*SUPPLIED DATA*:
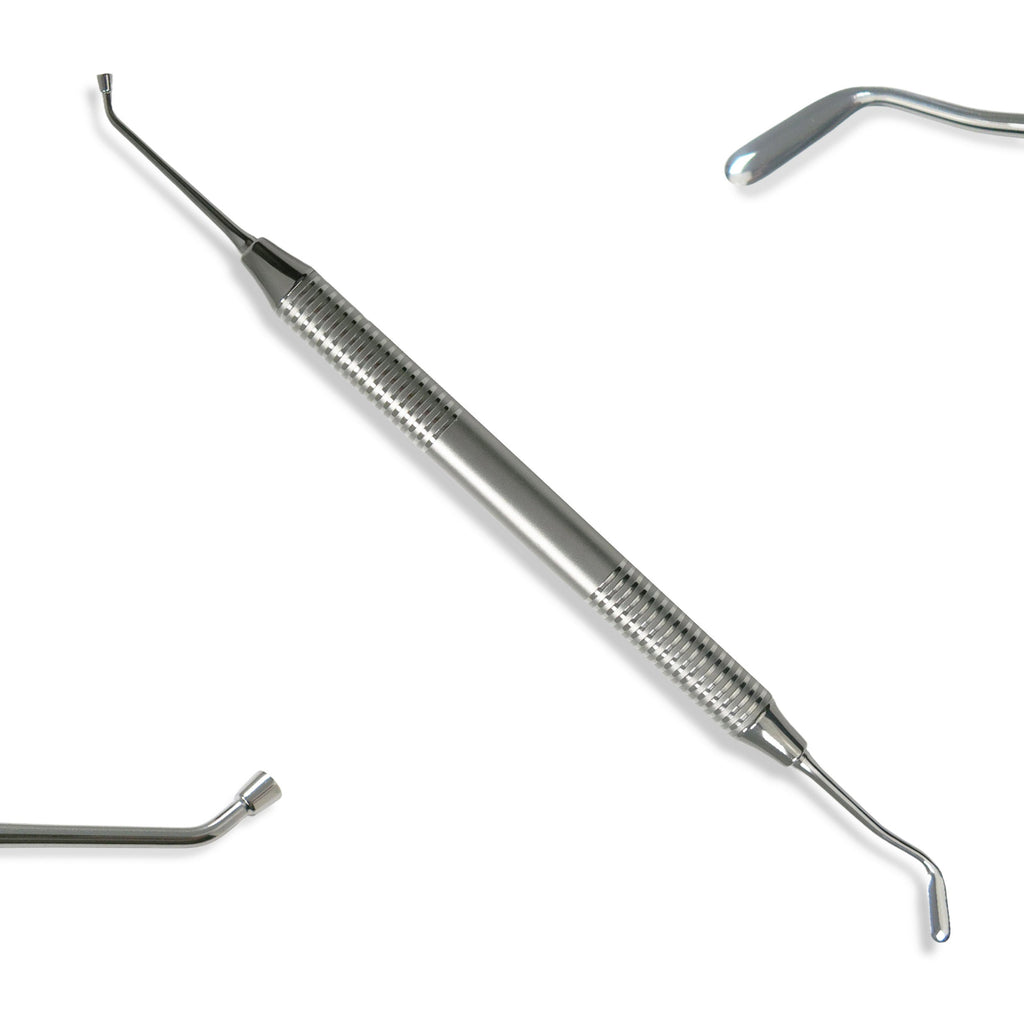 As the tool for the composite resin, the polished tip surface is smooth and lubrication-coated, so the composition resin is not sticky. The thin profile allows access to narrow interdental areas, especially for the aesthetic resin treatment.
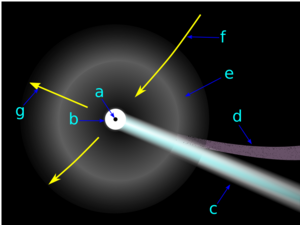 Diagram showing the physical characteristics of a comet: a) Nucleus, b) Coma, c) Gas/ion tail d) Dust tail, e) Hydrogen envelope, f) Orbital velocity direction, g) Direction to the Sun.
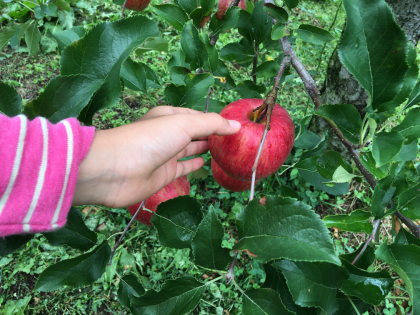 次に農園の方からりんごのお話を聞き、いよいよりんご狩りです。
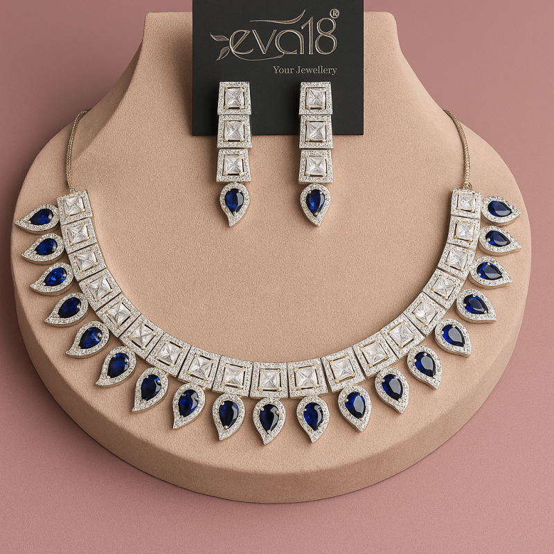 Bold and majestic, the Crimson Royale Necklace Set radiates regal charm with its striking combination of rich ruby-red stones and shimmering American Diamonds (CZ). The collar-style necklace features alternating geometric square links and teardrop ruby accents, each framed with delicate pavé settings that add depth and brilliance. Designed for maximum sparkle, the layout gracefully contours the neckline, making it an instant showstopper at weddings, parties, or festive occasions. The matching earrings carry forward the same design elements, blending square cuts with ruby teardrops for a refined, balanced finish. Crafted on a sturdy alloy base with a sleek silver polish, the set combines modern craftsmanship with timeless grandeur. If you are seeking a jewelry piece that blends elegance with bold color, this set brings sophistication and standout beauty to every ensemble. Pair it with sarees, lehengas, or gowns for a luxurious, catalog-worthy look that always draws attention.

*PROBLEM TO SOLVE*:
Excluding pictures, print all lines above exactly.

*SOLUTION*:
 As the tool for the composite resin, the polished tip surface is smooth and lubrication-coated, so the composition resin is not sticky. The thin profile allows access to narrow interdental areas, especially for the aesthetic resin treatment.
 Diagram showing the physical characteristics of a comet: a) Nucleus, b) Coma, c) Gas/ion tail d) Dust tail, e) Hydrogen envelope, f) Orbital velocity direction, g) Direction to the Sun.
 次に農園の方からりんごのお話を聞き、いよいよりんご狩りです。
 Bold and majestic, the Crimson Royale Necklace Set radiates regal charm with its striking combination of rich ruby-red stones and shimmering American Diamonds (CZ). The collar-style necklace features alternating geometric square links and teardrop ruby accents, each framed with delicate pavé settings that add depth and brilliance. Designed for maximum sparkle, the layout gracefully contours the neckline, making it an instant showstopper at weddings, parties, or festive occasions. The matching earrings carry forward the same design elements, blending square cuts with ruby teardrops for a refined, balanced finish. Crafted on a sturdy alloy base with a sleek silver polish, the set combines modern craftsmanship with timeless grandeur. If you are seeking a jewelry piece that blends elegance with bold color, this set brings sophistication and standout beauty to every ensemble. Pair it with sarees, lehengas, or gowns for a luxurious, catalog-worthy look that always draws attention.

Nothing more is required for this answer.